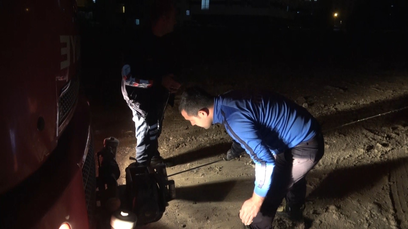 Çamura saplanan araçları itfaiye kurtardı
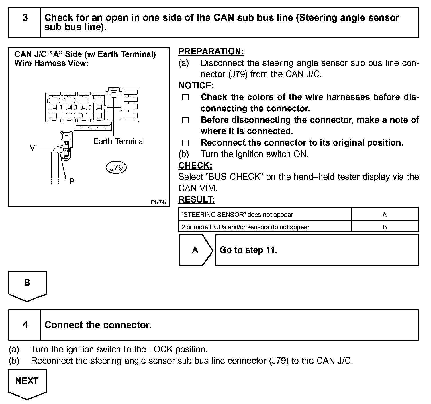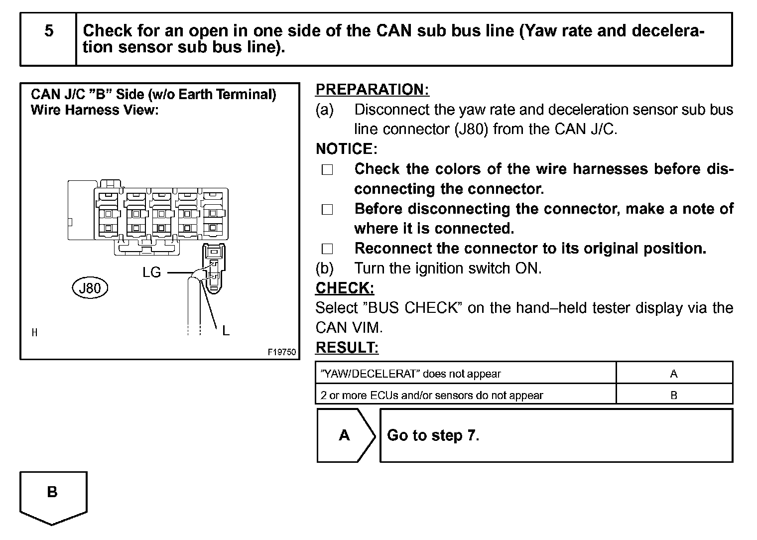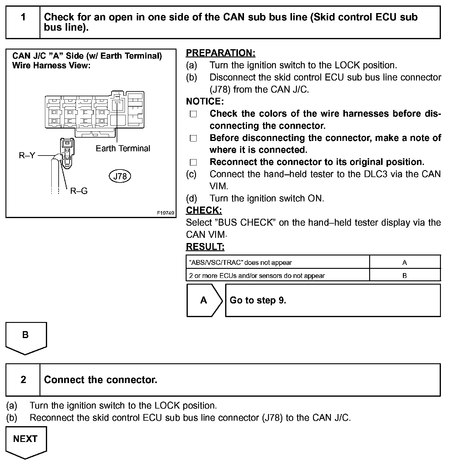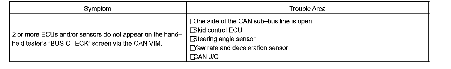 If 2 or more ECUs and/or sensors do not appear on the hand-held tester's "BUS CHECK" screen via the CAN VIM, one side of the CAN sub-bus line may be open. (One side of the CAN-H [sub-bus line] / CAN-L [sub-bus line] of the ECU and/or sensor is open.)
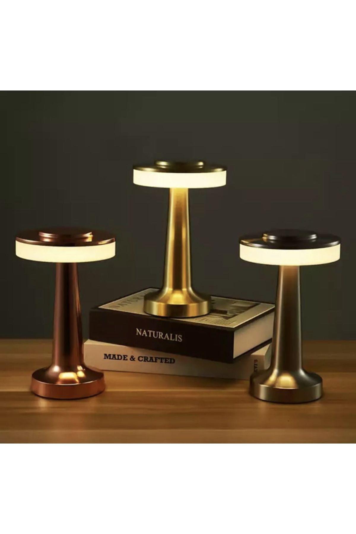 Modern Led Abajur Masa Lambası Dokunmatik 3 Mod Kademeli Şarjlı Gold Sarı (Fico0110)
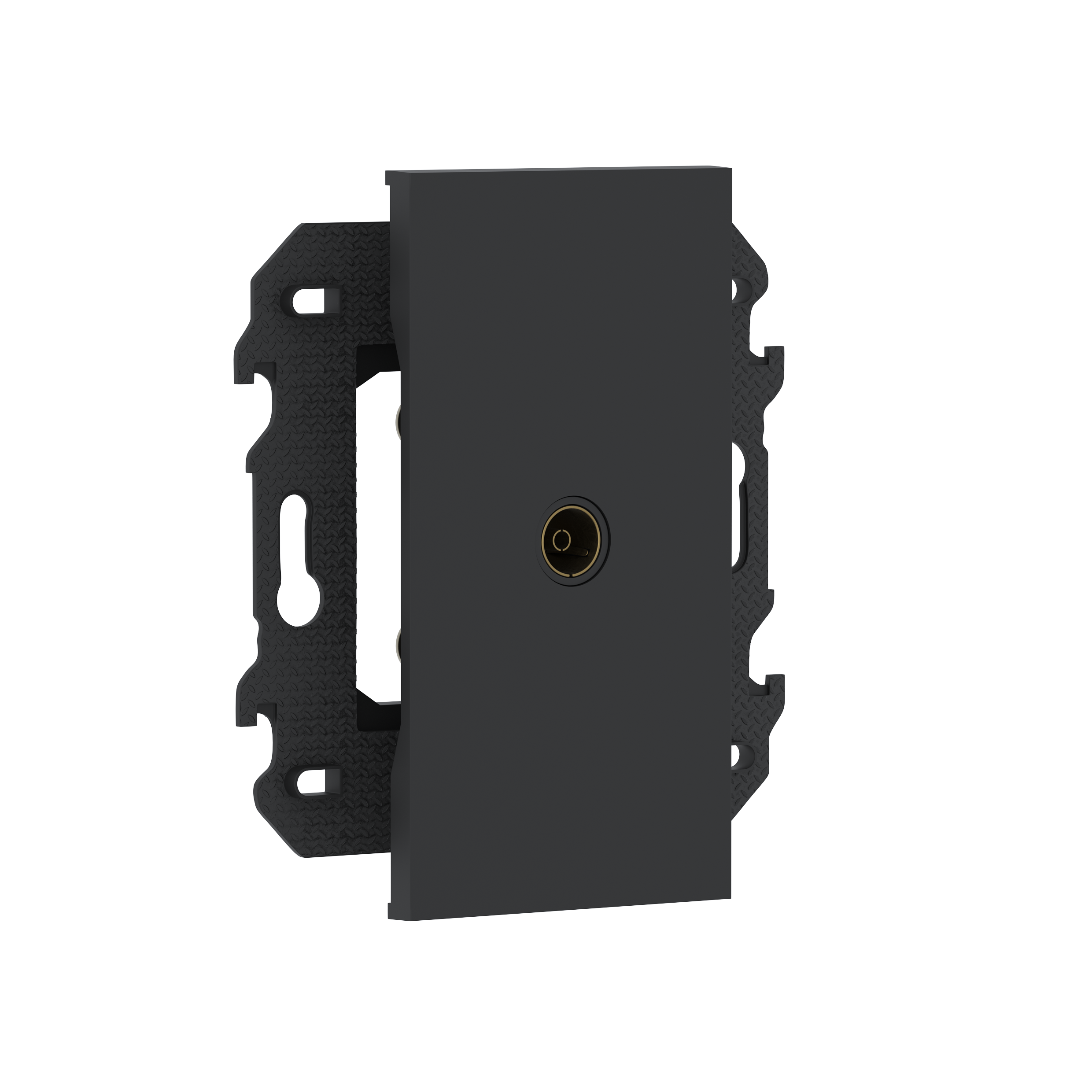 Розетка TV, простая, разъём мама, в сборе с суппортом, цвет чёрный матовый
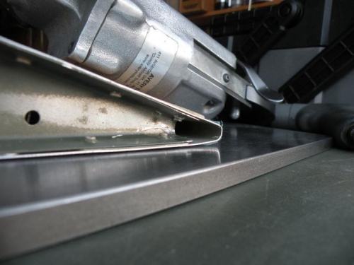 I finished up by riveting the aftmost rivets in the top and bottom of outboard end rib. I used the indirect method as shown in a December 19, 2008 EAA Hints for Homebuilders video ( http://eaavideo.org/video.aspx?v=5337092001 ). It worked fairly well, though I did have to turn up the pressure on the gun to about 60 psi. The results were fairly decent (photo 3). The top rivet head did come out slightly proud, though not bad enough in my estimation to risk drilling it out.
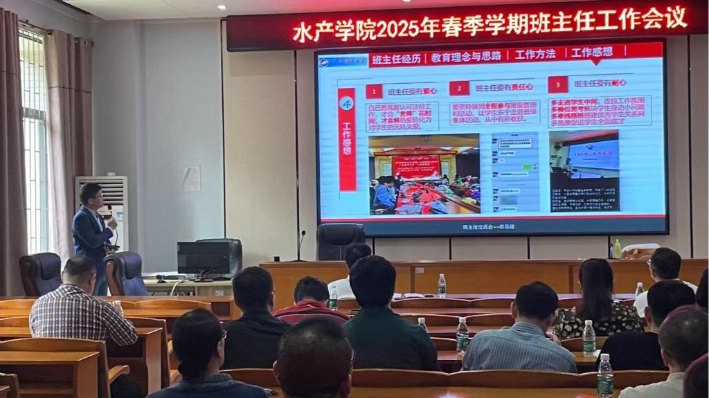 3月13日,为扎实做好新学期学生工作,学院在水产楼109室召开2025年春季新学期班主任工作会议,全体班主任、辅导员及部分研究生导师参加会议,会议由学院党委副书记孔沛球主持。会上,班主任代表王学锋教授就自身在学生管理、班级建设、育人工作等方面进行经验交流,强调学生工作要以生为本,为生着想,为生引路。随后,班主任代表田昌绪副教授,结合自身多年的班主任工作经历,聚焦学风建设、思想教育、班干部建设,用爱心、责...
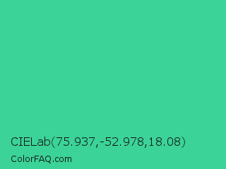 CIELab 75.937,-52.978,18.08 Color is a normal green color and the nearest color is Shamrock #33cc99. Hex code #3bd398 and RGB value is rgb(59,211,152). In RGB color space, this color is composed of 23% red, 83% green, 60% blue, In CMYK color space, this color is composed of 72% cyan, 0% magenta, 28% yellow , 17% black , In HSL color space, this color has a hue angle of 157° , 63% saturation and 53% lightness.
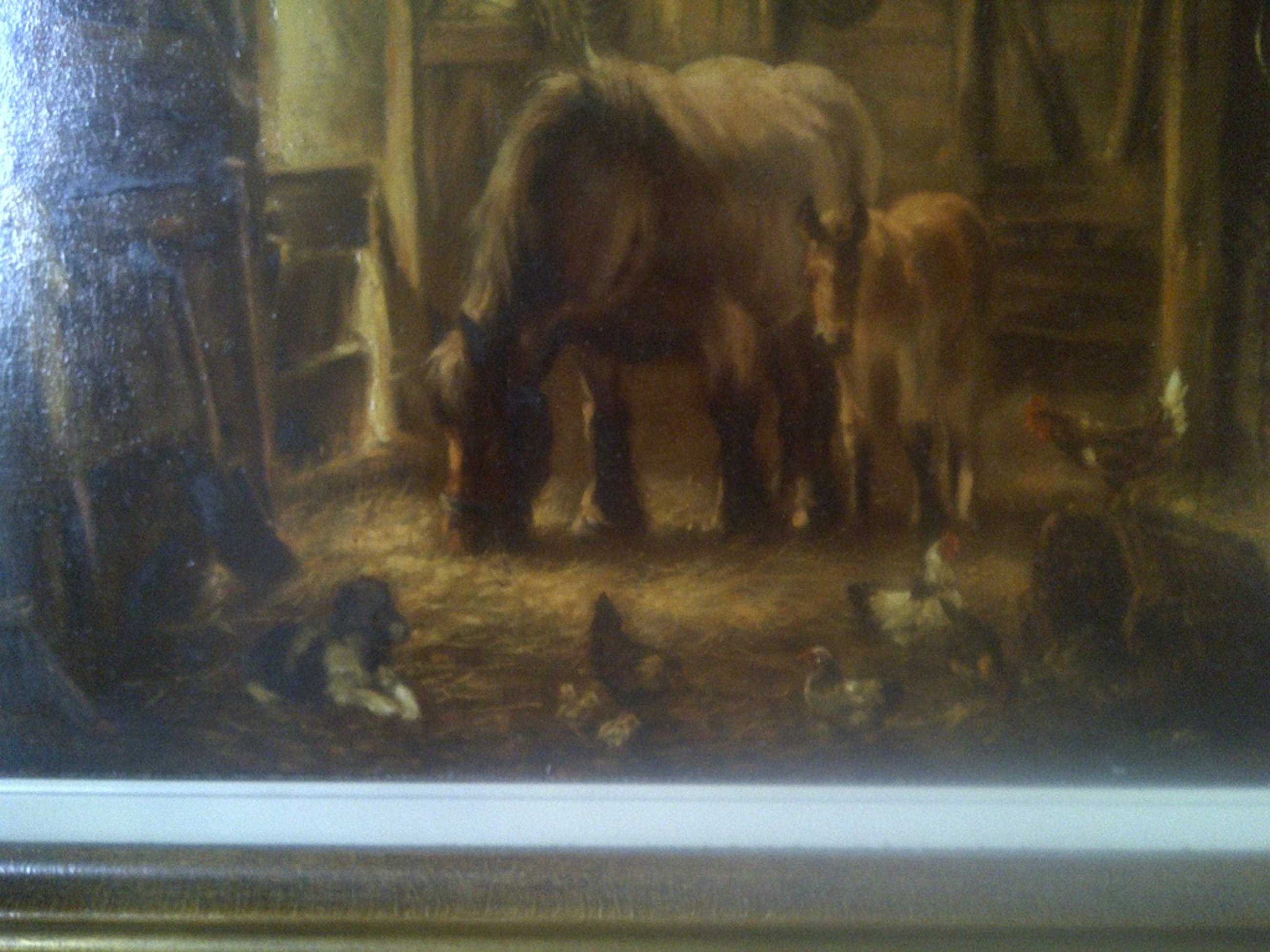 Bijzonder schilderij van Jan van Trirum, ditmaal geen poezen maar een stalinterieur bij ondergaande zon en met een trekpaard en haar veulen, een hondje en enkele kippen afgebeeld. Olieverf op paneel, afmetingen 39 x 41 cm. (excl. mooie lijst), in prachtige conditie. Af te halen in Lochem (Oost-Gld.) of aangetekende/verzekerde verzending.
____
How to complete this task => Your task is to repeat the opening line of the entries above and each line after it, ending with the line that has "Розетка TV, простая, разъём". Do not include the pictures.

Response box =>
 Çamura saplanan araçları itfaiye kurtardı
 If 2 or more ECUs and/or sensors do not appear on the hand-held tester's "BUS CHECK" screen via the CAN VIM, one side of the CAN sub-bus line may be open. (One side of the CAN-H [sub-bus line] / CAN-L [sub-bus line] of the ECU and/or sensor is open.)
 Modern Led Abajur Masa Lambası Dokunmatik 3 Mod Kademeli Şarjlı Gold Sarı (Fico0110)
 Розетка TV, простая, разъём мама, в сборе с суппортом, цвет чёрный матовый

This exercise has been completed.